Democrats, who control the Senate by just a one-vote margin, largely oppose Mr. Bush's demands to be allowed for reasons of national security to implement a new personnel system in the agency and waive union job rules for the proposed department's 170,000 employees. Mr. Bush again threatened, in forceful terms, to veto any bill that does not include those powers.
He was seeking to persuade a few key wavering senators to back a bipartisan Bush-endorsed alternative to the Democratic homeland security bill. Some votes on side issues are expected starting Tuesday after three weeks of debate.
"It's a bill that will make America more secure and anything less than that is a bill which I will not accept," Mr. Bush told about 2,000 people gathered in a flag-adorned airport hangar at a New Jersey Army National Guard facility. "We must be flexible, we must be strong. We must be ready to take the enemy on anywhere."

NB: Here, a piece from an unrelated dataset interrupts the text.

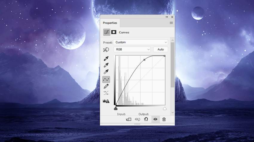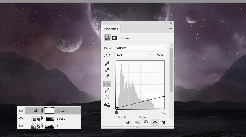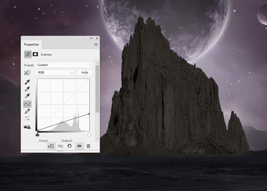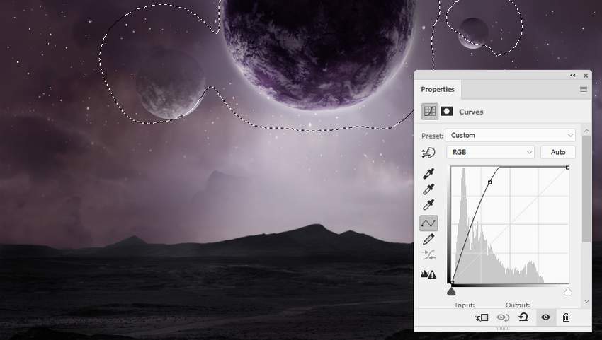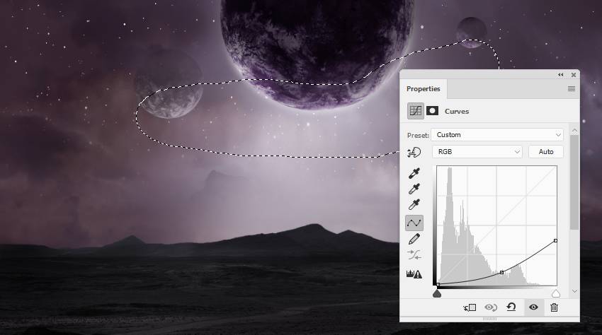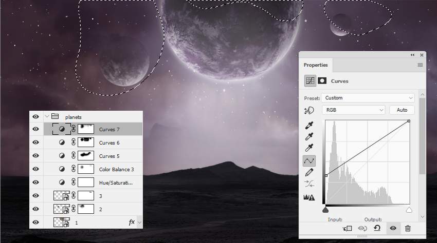 创建另一个曲线调整层,使行星,特别是大的、朦胧和混合更多的向天空。

After the campaign-style welcome rally, Mr. Bush was heading to a fund-raiser for Republican Douglas Forrester, seeking to unseat embattled Democratic incumbent Sen. Robert Torricelli.
Mr. Bush also chided senators for not sending him legislation he wants that he says will reinvigorate the economy, including energy legislation, a measure guaranteeing terrorism insurance and appropriations bills that include restraints on federal spending.
"What's happening in the economy is not good enough for a stronger America and Congress can help," he said at the rally. "What we need in Washington is fiscal responsibility, fiscal sanity. We need to set priorities with your money. And the most important priority I have is to defend the homeland, to defend the homeland from a bunch of killers who hate America."
Mr. Bush's policy speech allowed the White House to bill taxpayers for a portion of the otherwise all-political trip.
The Forrester fund-raiser was to be the opening event of an especially heavy week of fund raising for the president, who has blazed new fund-raising records this year.
By gathering $1.5 million Monday for Forrester, according to White House press secretary Ari Fleischer, Mr. Bush raised his total for GOP candidates in this year above $117 million.
And he was showing no signs of a slowdown six weeks before the November election, scheduling four fund-raisers in three states. Bush is aggressively backing Republican candidates in an effort to recapture the Democratic-run Senate, which has been a graveyard for many of his initiatives.
Ousting Torricelli would be particularly sweet for Republicans. Torricelli was chairman of the Democratic Senatorial Campaign Committee in 2000, and helped Democrats gain control of the Senate.
A Star-Ledger/Eagleton-Rutgers poll earlier this month showed the race a statistical dead heat — a dramatic reversal of fortune for Torricelli, who led Forrester by 14 percentage points in June.
The little-known Forrester has been raising ethics issues against Torricelli, who was "severely admonished" over the summer by the Senate Ethics Committee for accepting and failing to report gifts from a businessman now in jail for making illegal campaign contributions, reports CBS News Correspondent Mark Knoller.
Democrats said Senate Majority Leader Tom Daschle, D-S.D., would help raise some $500,000 for Torricelli's campaign and the party, and later join New Jersey Gov. James McGreevey and Torricelli at a union rally.
Mr. Bush has three other fund-raisers scheduled this week.
On Thursday in Houston, he'll headline his second money-raising event this year for John Cornyn, the GOP Senate nominee in Texas.
On Friday, he'll stump in Denver for Bob Beauprez, a House candidate with no elected experience in a tight contest for a newly created Colorado district.
Later that day, he plans to raise money in Phoenix for Arizona gubernatorial candidate Matt Salmon.